**THE TASK**
Your task is to filter the data below down to the lines holding "Faux".

**SOURCE INFORMATION**
------------
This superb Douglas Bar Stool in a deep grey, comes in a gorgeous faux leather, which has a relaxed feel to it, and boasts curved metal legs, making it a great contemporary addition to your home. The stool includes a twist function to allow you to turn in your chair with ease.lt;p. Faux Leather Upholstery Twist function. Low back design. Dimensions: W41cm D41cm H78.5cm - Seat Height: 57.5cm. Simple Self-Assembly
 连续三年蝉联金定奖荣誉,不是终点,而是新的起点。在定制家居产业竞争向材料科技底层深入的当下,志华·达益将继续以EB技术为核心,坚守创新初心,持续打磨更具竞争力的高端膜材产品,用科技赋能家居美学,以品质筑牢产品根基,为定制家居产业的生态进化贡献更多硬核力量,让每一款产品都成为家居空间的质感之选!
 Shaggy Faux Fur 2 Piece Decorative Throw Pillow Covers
------------
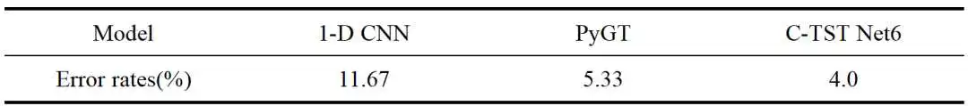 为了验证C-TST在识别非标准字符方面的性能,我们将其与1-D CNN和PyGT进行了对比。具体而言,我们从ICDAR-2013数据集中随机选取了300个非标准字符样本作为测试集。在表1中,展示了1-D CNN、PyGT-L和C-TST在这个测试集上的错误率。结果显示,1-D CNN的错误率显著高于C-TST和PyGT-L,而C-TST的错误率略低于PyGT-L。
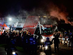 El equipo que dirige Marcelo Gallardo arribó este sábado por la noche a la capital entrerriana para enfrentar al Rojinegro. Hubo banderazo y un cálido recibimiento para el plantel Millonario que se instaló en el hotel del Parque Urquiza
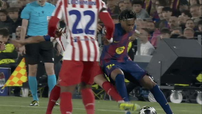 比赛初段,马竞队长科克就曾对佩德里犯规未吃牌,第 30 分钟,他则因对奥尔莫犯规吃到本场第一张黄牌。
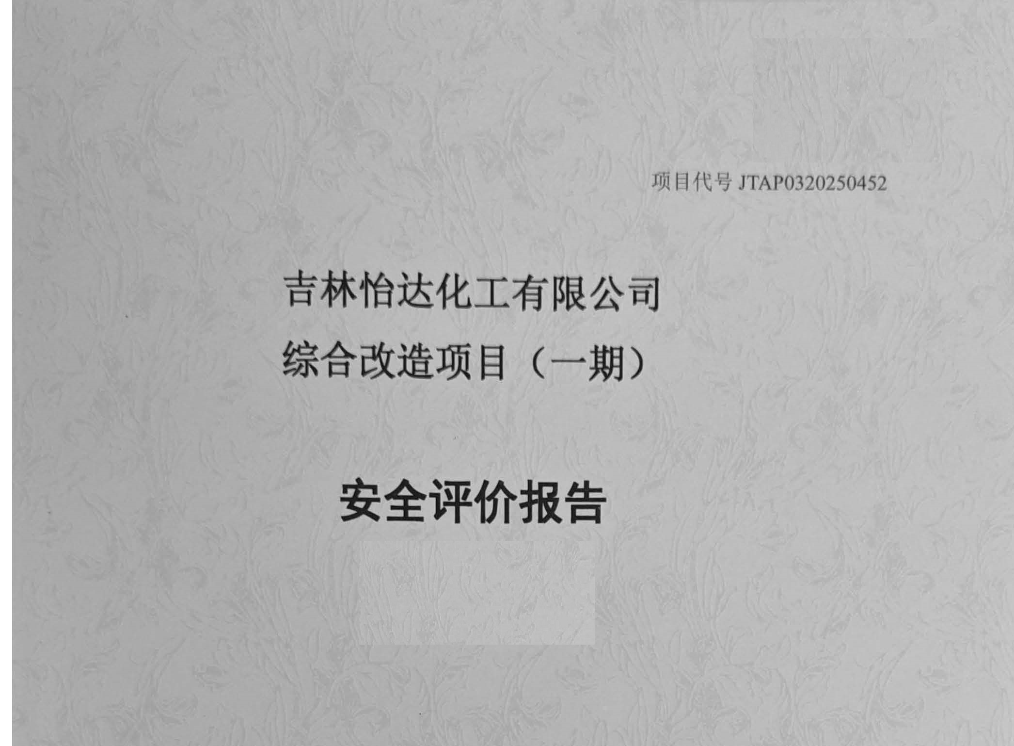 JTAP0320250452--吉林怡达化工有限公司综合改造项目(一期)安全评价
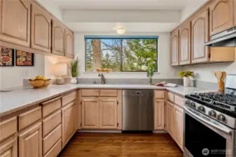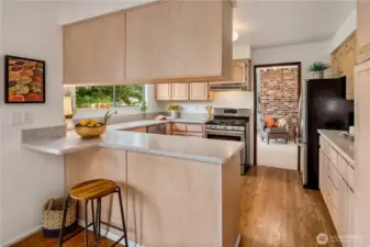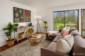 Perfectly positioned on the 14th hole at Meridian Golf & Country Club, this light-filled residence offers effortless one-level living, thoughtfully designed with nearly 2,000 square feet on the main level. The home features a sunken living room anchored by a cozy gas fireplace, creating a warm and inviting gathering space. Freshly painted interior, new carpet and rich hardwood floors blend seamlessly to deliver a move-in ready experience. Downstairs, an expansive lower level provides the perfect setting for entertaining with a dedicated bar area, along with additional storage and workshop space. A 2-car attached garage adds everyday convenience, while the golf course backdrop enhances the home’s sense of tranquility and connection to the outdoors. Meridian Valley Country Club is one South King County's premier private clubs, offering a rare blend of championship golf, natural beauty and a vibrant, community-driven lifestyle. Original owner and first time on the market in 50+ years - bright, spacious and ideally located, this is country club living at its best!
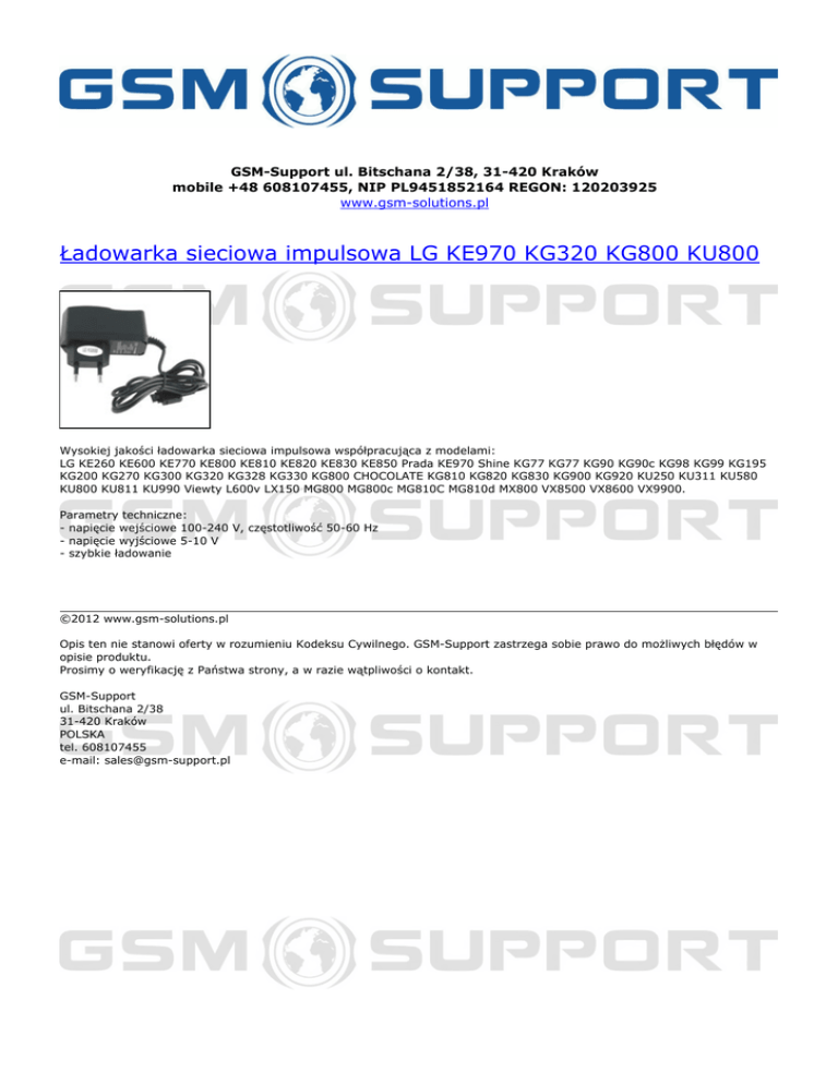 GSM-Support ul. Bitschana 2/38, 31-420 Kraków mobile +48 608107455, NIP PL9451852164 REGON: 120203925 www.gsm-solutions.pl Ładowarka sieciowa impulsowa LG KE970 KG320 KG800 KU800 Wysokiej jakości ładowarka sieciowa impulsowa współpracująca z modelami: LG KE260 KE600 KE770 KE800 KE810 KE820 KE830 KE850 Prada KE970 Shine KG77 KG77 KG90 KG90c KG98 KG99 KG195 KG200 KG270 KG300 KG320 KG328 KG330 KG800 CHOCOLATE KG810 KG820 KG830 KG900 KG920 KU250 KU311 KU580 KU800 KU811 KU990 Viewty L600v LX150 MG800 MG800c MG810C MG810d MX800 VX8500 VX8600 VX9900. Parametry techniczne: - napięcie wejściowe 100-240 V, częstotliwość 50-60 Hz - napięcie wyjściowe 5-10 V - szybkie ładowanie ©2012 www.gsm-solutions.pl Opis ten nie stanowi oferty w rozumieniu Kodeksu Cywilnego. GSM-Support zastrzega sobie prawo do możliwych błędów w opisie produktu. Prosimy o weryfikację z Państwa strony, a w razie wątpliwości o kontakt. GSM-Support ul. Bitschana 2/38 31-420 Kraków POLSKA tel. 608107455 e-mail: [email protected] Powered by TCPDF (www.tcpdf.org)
------------
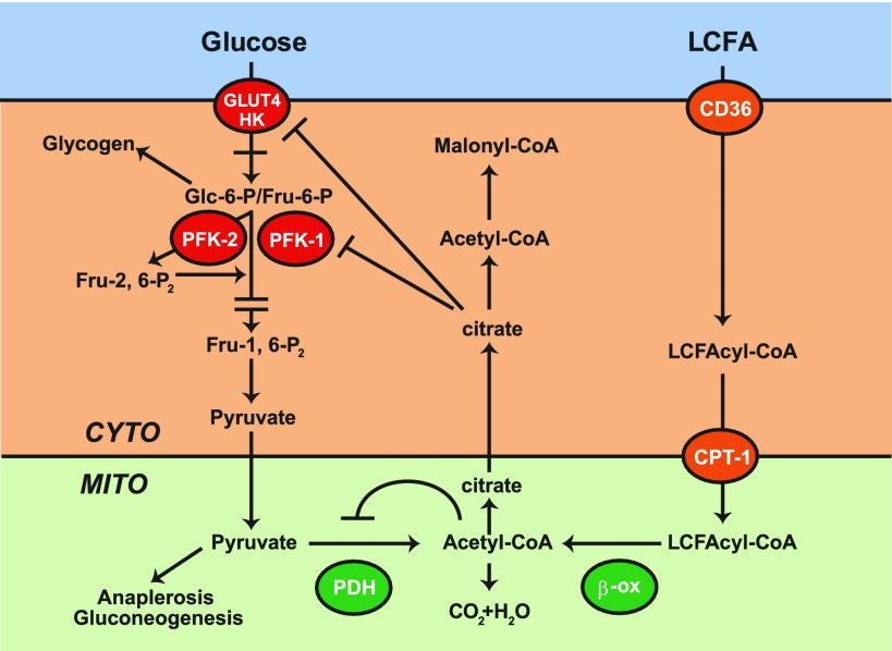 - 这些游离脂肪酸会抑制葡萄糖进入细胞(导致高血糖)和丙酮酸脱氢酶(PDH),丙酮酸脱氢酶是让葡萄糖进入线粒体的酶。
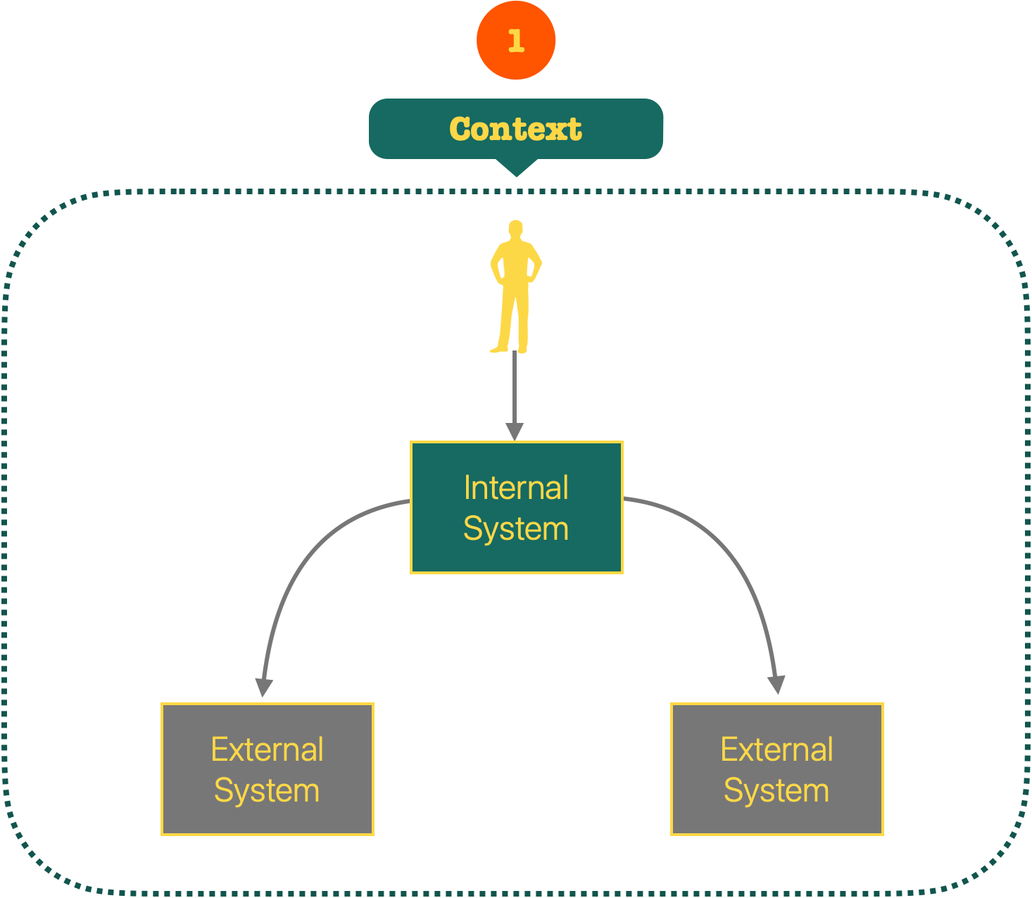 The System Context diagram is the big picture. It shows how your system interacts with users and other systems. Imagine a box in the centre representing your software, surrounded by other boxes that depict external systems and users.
------------
**RESULT**
This superb Douglas Bar Stool in a deep grey, comes in a gorgeous faux leather, which has a relaxed feel to it, and boasts curved metal legs, making it a great contemporary addition to your home. The stool includes a twist function to allow you to turn in your chair with ease.lt;p. Faux Leather Upholstery Twist function. Low back design. Dimensions: W41cm D41cm H78.5cm - Seat Height: 57.5cm. Simple Self-Assembly
 Shaggy Faux Fur 2 Piece Decorative Throw Pillow Covers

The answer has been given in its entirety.